The 70-200 f2.8 II is a fantastic sports lens, and is the way to go if you can afford it, and will only have 1 camera. It's also a great lens in general for almost any type of photography.

Soccer involves similar distances to American football, but play tends to move over the field much faster. There is no one lens that will cover it all, and no one place to stand to cover it all. 

I shoot sports professionally (maybe semiprofessionally) including soccer and football, and I use a 400mm f2.8 IS, and the 70-200 f2.8 IS II, on 2 separate bodies. For shooting the actual game play, I will alternate between the 2. When the game stops, I will trade the 400 for something wide and shoot the player / fans / stadium with that and the 70-200.

I would not recommend the 100-400 because it does not focus as fast, or as well. In my opinion is a great wildlife lens, not a sports lens) Also in a night game, the f2.8 is critical.

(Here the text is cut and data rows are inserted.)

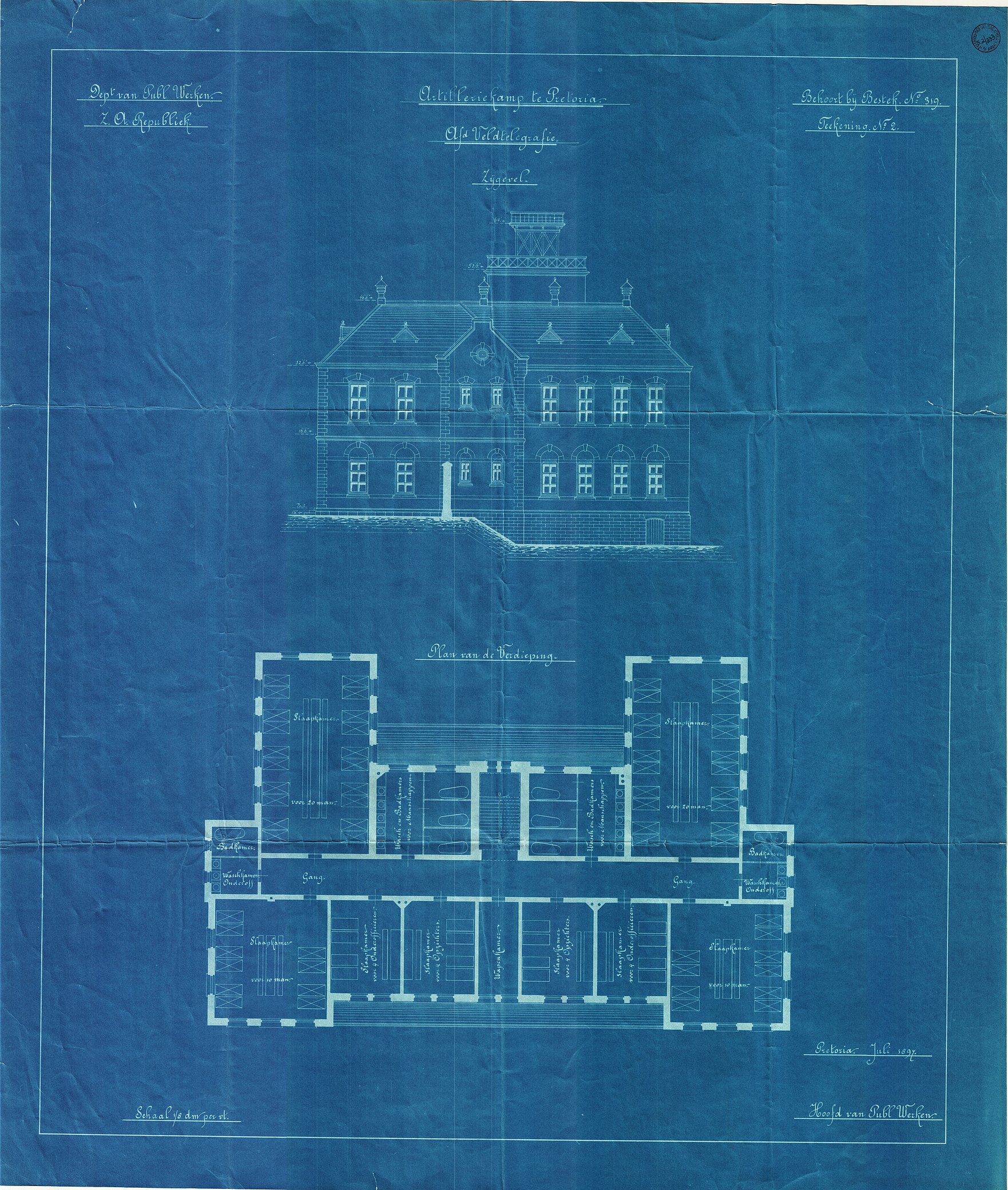 Digitised version of National Archive file S.2/233. Drawings of the "Zygevel. Plan van de Verdieping" (Side Gable. Plan of the Storey) of the Field Telegraph buildings at the Artillery Camp, Pretoria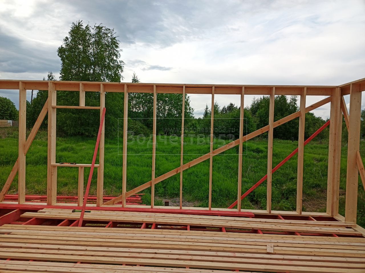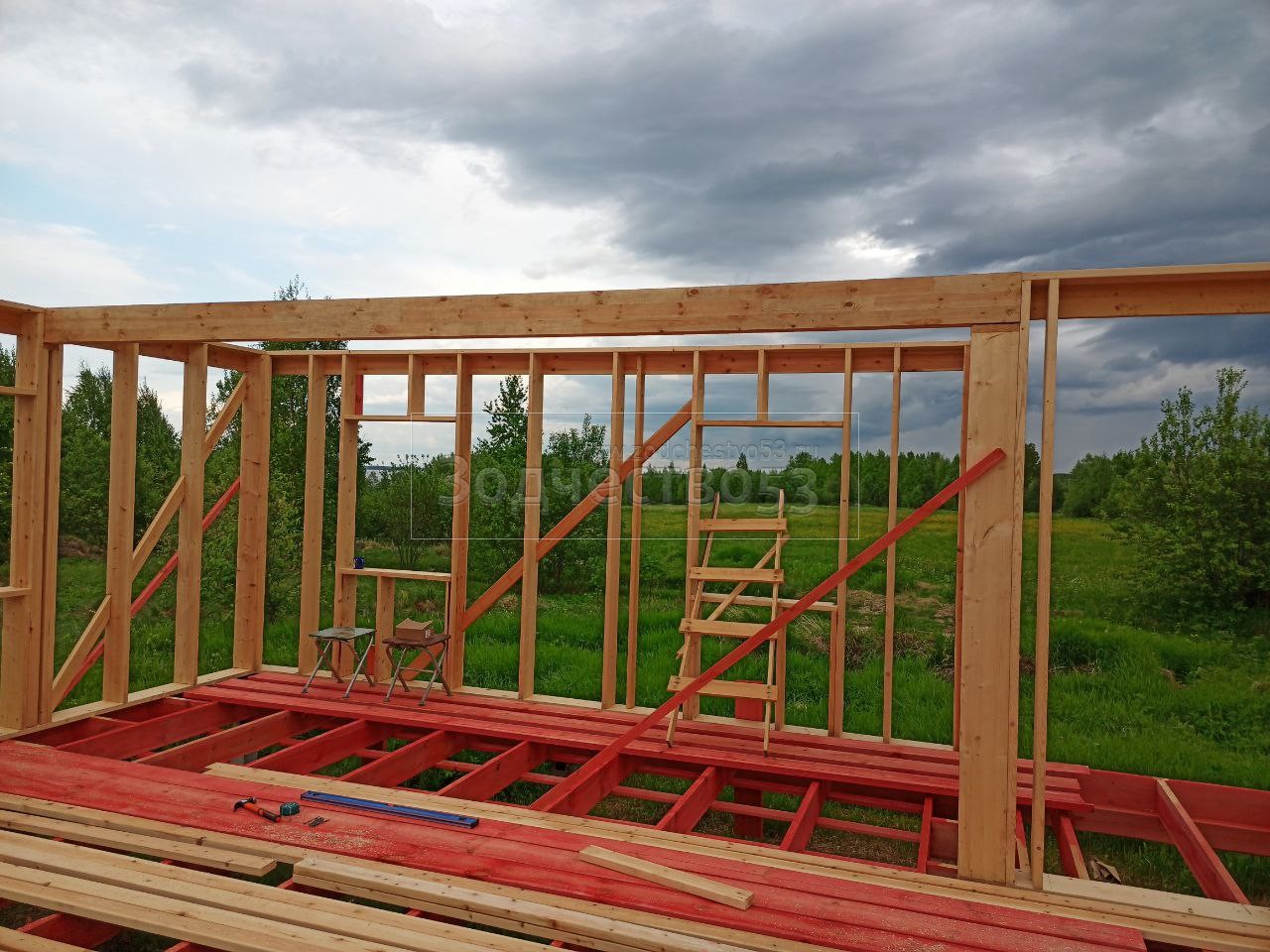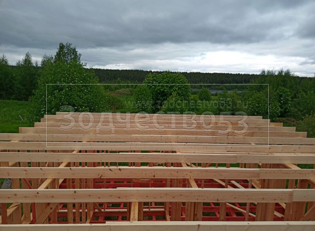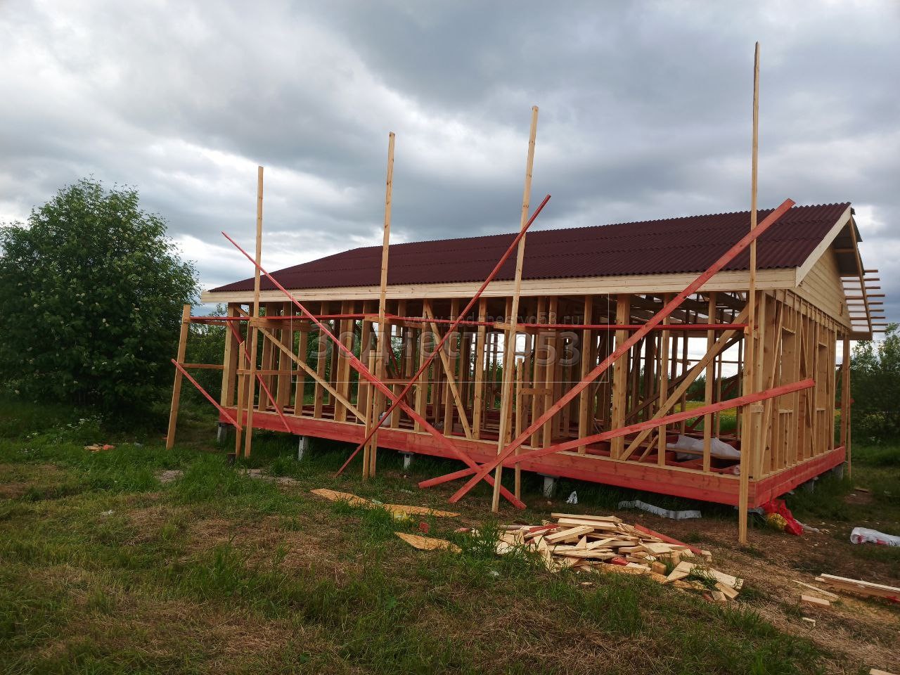 Постройка одноэтажного дома с открытой террасой общими размерами 12.0×9.0 каркасный (Камерной сушки) с утеплением в 200 мм ( стены ) под общей двухскатной крышей : https://zodchestvo53.ru/dzhenna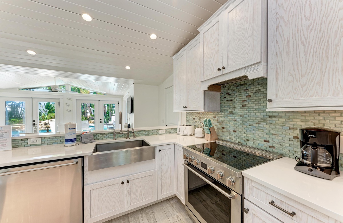 Der beeindruckende rückwärtige Garten verfügt über einen Muschelkies-Weg, der den tropischen Außenbereich verbindet: vom Esstisch unter dem Mangobaum, dem Grillbereich, der Außendusche zum Spa und Wasserfall und entlang zur bequemen Sitzecke unter dem Pavillon. Dieser grenzt an das Hauptschlafzimmer an und ist perfekt, um dort morgens seinen Kaffe einzunehmen. Die moderne Küche glänzt mit Maßeinbauschränken, schönen weißen Quarzarbeitsplatten, Edelstahlgeräten, Kitchenaid-Geräten und Geschirr. Alles was Sie benötigen, werden Sie hier vorfinden.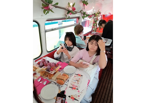 そして、アフタヌーンティーバスツアーに参加しました。お昼は軽めにおにぎりと唐揚げを頼みましたが、このお弁当にテンションが上がったようです。まだ、数日しか経っていませんが、もう日本食が恋しくなっているようです。うれしさのあまり、手が滑って唐揚げを床に落としてしまいscream!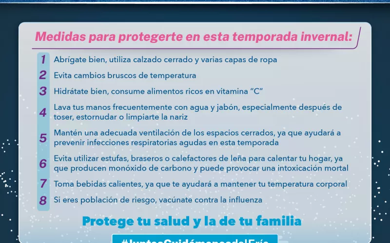 Llamó a la ciudadanía a abrigarse correctamente, no exponerse a cambios bruscos de temperatura, no asistir a sitios concurridos sin las debidas precauciones y utilizar cubrebocas para evitar un contagio propio o afectar a los demás.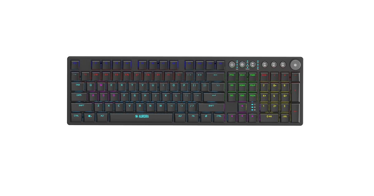 iBox AURORA K-6, Täissuuruses (100%), RF juhtmeta ühendus + Bluetooth, Mehaaniline klahvlüliti, QWERTY, RGB LED, Must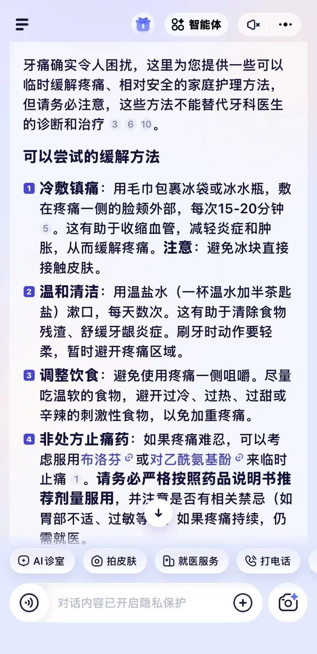 土土从诊所出来后,打开蚂蚁阿福和DeepSeek,输入了自己的情况。阿福给出了临时缓解的方法:先消炎、用温盐水频繁漱口、避免用患侧咀嚼,实在疼痛难忍可考虑用布洛芬止疼。同时阿福也明确告诉他:这些方法只能短暂帮你控制住局面,还是得尽快找牙医处理。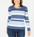 Karen Scott Women's Cotton Striped Cable Knit Sweater Blue Multi Size Petite S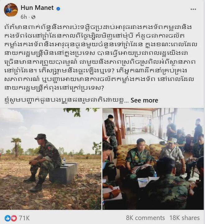 泰国、柬埔寨发生短暂交火以后,柬埔寨首相洪玛奈在社交媒体上发文说,“我希望柬泰两国陆军高层今天的会谈能够取得积极成果,一如既往地保持双方前线部队间的和平与良好沟通” 图:新华社援引洪玛奈社交媒体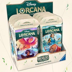 Keep decks organized and protected with deck boxes featuring case art from Disney Lorcana. Each deck case can hold up to 80 sleeved cards.

The 70-200 f2.8 IS II works great with Canon extenders, I'd go that way for more reach. And possibly add a 7D to your kit if you want to add a 2nd body.

All that said, don't feel like you have to buy V II or this lens, or the 300/400 2.8 (when you are ready for that) Version I of these lenses or even the non-IS versions are great lenses assuming you can get a used one in decent shape. I bought my 400 used for $4500, and the $8500 saved vs a new vII goes long way toward other equipment. It's nice to have the latest and greatest, but it's better to show off your awsome photos than your new shinny lens.




C28F0143 by RexPhoto91, on Flickr




REX_5990 by RexPhoto91, on Flickr




Untitled by RexPhoto91, on Flickr


----------



## bdunbar79 (Jan 2, 2013)

Agreed. I use the 300 f/2.8 and 400 f/2.8. But money is a problem obviously with those, lol! So on crop body, 70-200 is more than sufficient.


----------